In the New 52, it seems that Superboy has not yet obtained all of his Kryptonian powers and his only abilities are his tactile telekinesis and a degree of superhuman strength (a weight machine shows he is able to lift in excess of three tons with no strain at all in issue five) as well as a superhuman healing factor (something Harvest pointed out after Superboy's fight with Grunge) and is even able to bend light around him to turn invisible. In this version, it seems that his tactile telekinesis is far more powerful than in previous incarnations. It now operates like regular telekinesis, letting him levitate objects at a distance and also providing greater awareness of his environment, akin to a type of sonar. Superboy's telekinetic abilities also enable him to hyper accelerate himself at amazing speeds. It has become so powerful that when he escaped his test tube, he managed to destroy the entire laboratory and killed everyone inside save for Dr. Caitlin Fairchild. Later, he has shown that his power is so immense that he managed to destroy an entire prison complex while he was unconscious, which led to the belief that he doesn't have complete control over the ability.

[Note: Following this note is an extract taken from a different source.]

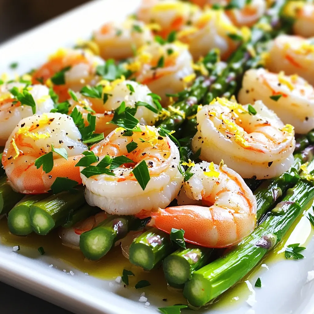 Use a large platter to serve. Arrange shrimp and asparagus in a colorful pattern. Garnish with parsley for a bright touch.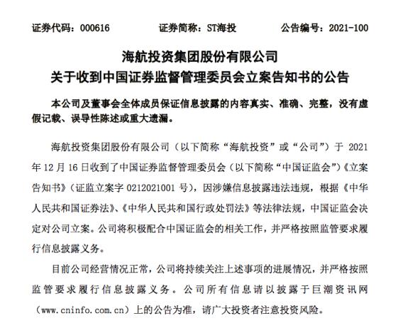 随后,*ST海航、*ST基础、*ST大集、ST海投等相继发布了类似公告,均收到证监会《立案告知书》,因涉嫌信息披露违法违规,证监会决定对公司立案。

It has been revealed that Kon-El is a clone of Jon Lane Kent, Lois and Clark's son from an alternate-timeline future. Jon's hybrid nature led to genetic instability. To solve this problem, Harvest created the clone Superboy as a test and added two extra DNA strands with the human strand from Lois Lane and the Kryptonian strand from Superman. Harvest hoped that Lois and Clark's DNA could counteract the genetic disorder found in Jon's trans-alien DNA. Superboy's creation and stability proved a success. Superboy's telekinetic power stems from Jon Kent's DNA, who also possesses this power due to being a Human/Kryptonian hybrid born under a yellow sun. Kon-El's power was temporarily shown to dwarf Jon's which may be the result of the addition of Lois and Clark's DNA.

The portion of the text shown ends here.